Skip to content

reljicd/dict-objectify

Repository files navigation

Dict Objectify PyPI

Introduction

A lot of python libraries that parse XML, JSON, CSV and other structured and semistructured data usually return dictionary representations of these object. If parsed document is hierarchical in nature, return dictionaries are nested. Working with a tree of nested dictionaries is certainly possible and easy to do in Python, but it is error prone, tedious and not developer friendly.

Additional problem is the type conversion of strings from original documents into proper python types. Parsing libraries are usually strongly opinionated in this regard, or tedious and verbose to configure.

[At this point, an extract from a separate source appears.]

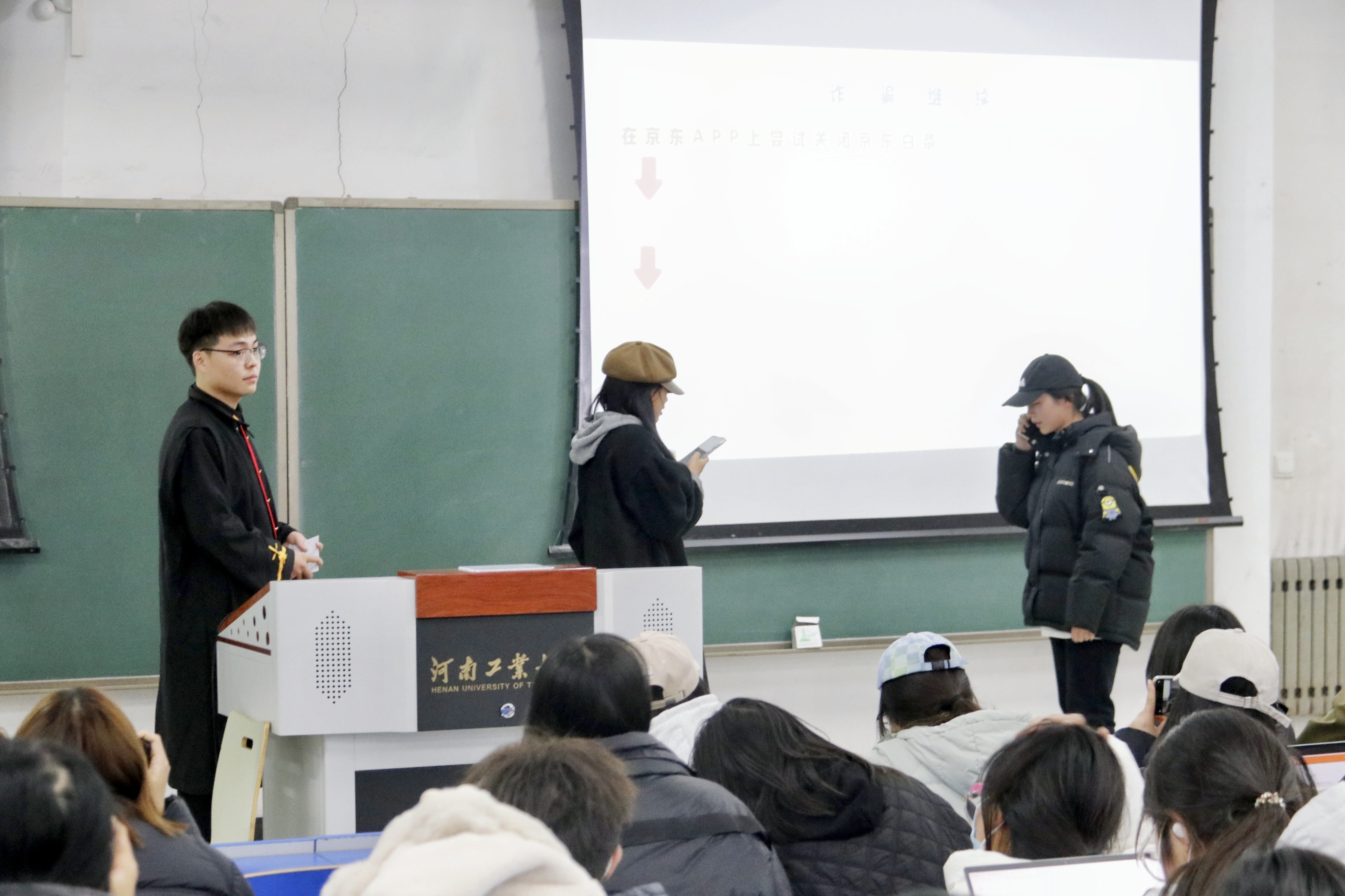 四组宣讲团成员结合当前大学生实际情况,依次从“真实案例讲解”“受骗原因分析”“诈骗防范建议”“法律责任划定”四个方面以生动有趣的形式展开宣讲。现场情景剧化的经典案例呈现、原创诈骗情景VCR的播放以及小品与反诈rap的演绎,宣讲团成员以多样的形式和详实的内容诠释电信诈骗的手段和危害,深化同学们对网络诈骗的认知,警示大家提升防范意识。

Dict Objectify (DO) allows specification of python classes hierarchy that are backed by dictionaries. Specification is done similar to ORM frameworks, by declaratively specifying dictionary keys as fields, Every field is defined as either nested (DO) class for nested dictionaries or one of the provided type classes for values of the type: int, float, text, bool, array, datetime or enum.

Mapping between dictionaries and these objects works both ways.

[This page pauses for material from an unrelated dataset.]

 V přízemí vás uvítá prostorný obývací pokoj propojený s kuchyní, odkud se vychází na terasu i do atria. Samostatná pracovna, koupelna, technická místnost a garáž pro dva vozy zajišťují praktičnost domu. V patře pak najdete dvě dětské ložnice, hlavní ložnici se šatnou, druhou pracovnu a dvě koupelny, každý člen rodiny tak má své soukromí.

This allows easy parsing of hierarchical documents into python object hierarchy, doing pre processing on dict values, doing any kind of processing on that hierarchy and then transforming root objects back into dictionaries for eventual dumping into same document formats.

Installation

To install with pip, run: pip install dict-objectify

To install Python Fire from source, first clone the repository and then run: python setup.py install

Basic Usage

class NestedModel(Base):
    text_field = Text(nullable=False)
    text_field_nullable = Text()


class RootModel(Base):
    base_field = FieldBase()
    text_field = Text(tag='_text', primary=True)
    integer_field = Integer()
    datetime_field = Datetime()
    float_field = Float()
    bool_field = Bool()
    string_array_field = Array(str, nullable=False)
    nested_array_field = Array(NestedTestModel, nullable=False)
    enum_field = EnumTag(['a', 'b', 'c'], nullable=False)
    nested_field = NestedModel(nullable=False)
    
    @property
    def derived_field(self):
        return self.nested_field.text_field[:5]
    
example_dict = {
    '_text': 'lorem ipsum',
    'integer_field': '5',
    'string_array_field': ['lorem', 'ipsum'],
    'nested_array_field': [{'text_field': 'lorem ipsum'}, 
                           {'text_field': 'lorem ipsum'}],
    'nested_field': {'text_field': 'lorem ipsum'}
}

example_obj = RootModel(example_dict)

assert example_obj.text_field == example_dict['_text']
assert example_obj.nested_field.text_field == example_dict['nested_field']['text_field']
assert example_obj.derived_field == example_dict['nested_field']['text_field'][:5]
assert example_obj.integer_field == int(example_dict['integer_field'])

Usage

Object initialization

It can be done either by passing dict to constructor, or kwargs:

example_obj = RootModel(example_dict)
alt_example_obj = RootModel(integer_field=5, text_field='lorem ipsum')

Field types

  • Integer
  • Float
  • Text
  • Bool
  • Datetime (datetime_format: Specification of datetime format)
  • EnumField (enumeration: A list of allowed values. strict: If True, no other values will be allowed. If False, values not in enumeration will only raise a warning.)
  • Array (model: Type of elements. Could be builtin python type or one of the Base types)

Field parameters

  • tag (default=None) - Needs to be specified as dict key if dict key and attribute names differ
  • primary (default=False) - Marks field for hashing
  • nullable (default=True) - Needs to be specified if field is not nullable

Hashing

Hashing uses fields marked with primary. If no fields are marked with primary all fields are hashed.

Prerequisites for tests

[Optional] Install virtual environment:

$ python -m virtualenv env

[Optional] Activate virtual environment:

On macOS and Linux:

$ source env/bin/activate

On Windows:

$ .\env\Scripts\activate

Install dependencies:

$ pip install -r requirements.txt

How to run tests

Default

Running tests:

$ python -m pytest tests

Docker

It is also possible to run tests using Docker:

Build the Docker image:

$ docker build -t reljicd/dict-objectify -f docker/Dockerfile .

Run the Docker container:

$ docker run --rm reljicd/dict-objectify -m pytest tests

Docker helper script

It is possible to run all of the above with helper script:

$> chmod +x scripts/run_docker.sh
$> scripts/run_docker.sh -m pytest tests

License

Licensed under the Apache 2.0 License.